Storage Structure

Each signer has performed once the 450 basic signs and 780 continuous sentences of the corpus. The performances of the first signer, called reference signer, were recorded not once but even three times. Altogether 33,210 utterances (12,150 isolated signs and 21,060 continuous sentences) are available in the database. Each utterance is stored in a separate directory as a sequence of image files; the directory is packed into a ZIP file. The naming convention for directories and files consists of a consecutive sequence of letters followed by a two or four digit number.

    Directory   Filename
  Isolated signs   /data/sig#1/per#2/iso#3/   s#1-p#2-i#3-f#5.jpg
  Continuous sentences   /data/sig#1/per#2/con#4/   s#1-p#2-c#4-f#5.jpg

The following table summarizes the abbreviations used in the naming convention.

  Denotation   Directory   Filename
  Abbreviation   Number (Digits)   Abbreviation   Number (Digits)
  signer   sig   #1   (2)   s   #1   (2)
  performance   per   #2   (2)   p   #2   (2)
  isolated   iso   #3   (4)   i   #3   (4)
  continuous   con   #4   (4)   c   #4   (4)
  frame   -   #5   (4)   f   #5   (4)

Note that with version 1.2 the directory for the single frame picture files are replaced by equally named ZIP files, and each of these ZIP files is accompanied by a TXT label file (UTF-8) giving the annotation of the recorded sign/sentence.

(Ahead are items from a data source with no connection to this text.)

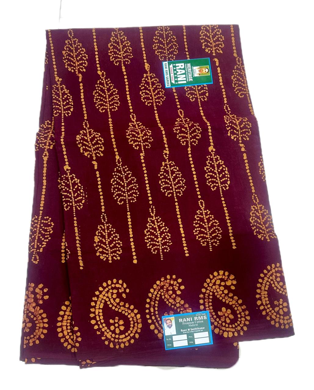 Categories: 6 Yards, Bathic Sarees, brown, Colours, Floral Sarees, Patterns, Price Range, Rani Premium, Rani Soft Cotton, Rs 950 To Rs 1100, Sarees, Soft Cotton, Sungudi Collections, Type of Borders, Without Jari (P)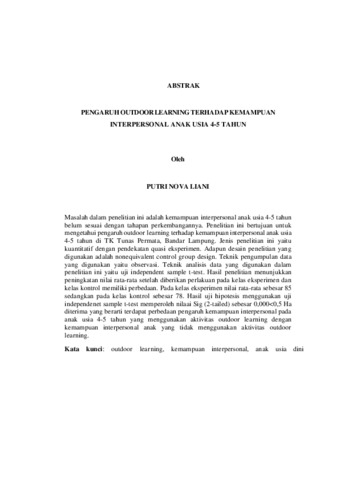 Putri , Nova Liani (2025) PENGARUH OUTDOOR LEARNING TERHADAP KEMAMPUAN INTERPERSONAL ANAK USIA 4-5 TAHUN. FAKULTAS KEGURUAN DAN ILMU PENDIDIKAN , UNIVERSITAS LAMPUNG.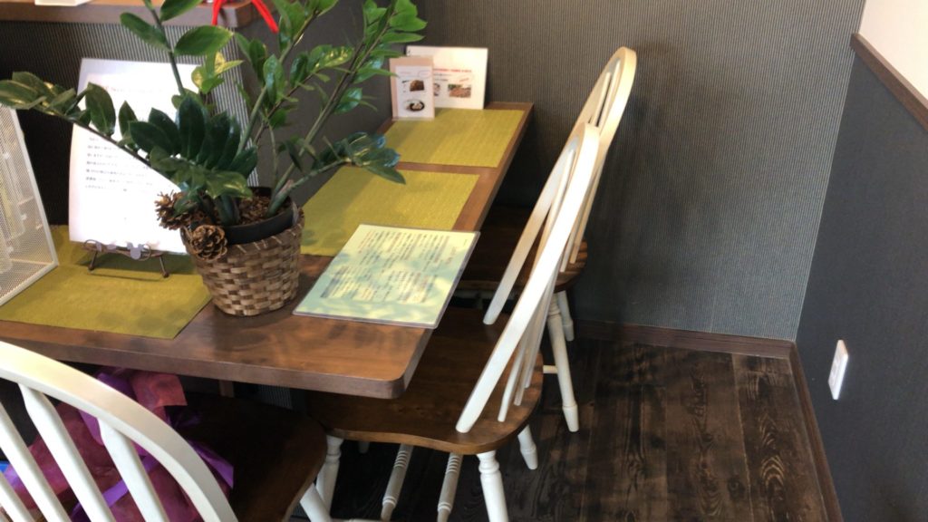 他のお客さんもおられなかったので、お好きな席にと言われ、一番奥の2人テーブルの席に着座です。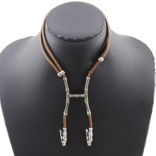 Hermes Bamboo Halter Leather X Metal Silver/brown Ladies 32g Necklace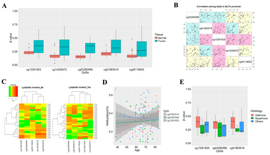 Relationship between aberrant methylation of SLIT genes and clinicopathological features in 42 patients with NSCLC. (A) Methylation levels of five CpGs at the CpG island regions of SLIT1, SLIT2, and SLIT3 genes were compared between tumor and matched normal tissues from 42 NSCLC patients. Y-axis indicates β-value. (B) Correlation among methylation levels of five CpGs was analyzed for 42 tumor tissues using Spearman’s correlation coefficients. Magenta color indicates p < 0.05. (C–E) Methylation levels of CpGs at SLIT1, SLIT2 and SLIT3 genes were compared according to lymphatic invasion (C), age (D), and histologic subtypes (E).

Some examples to illustrate the naming convention (after un-packing the ZIP file):

  Directory/Filename   Explanation
  /data/sig01/per02/iso0150/s01-p02-i0150-f0064.jpg   64th frame of the image sequence containing the
  150th isolated sign performed the second time
  by the 1st signer (= reference signer)
  /data/sig25/per01/con0260/s25-p01-c0260-f0128.jpg   128th frame of the image sequence containing the
  260th continuous sentence performed the first time
  by the 25th signer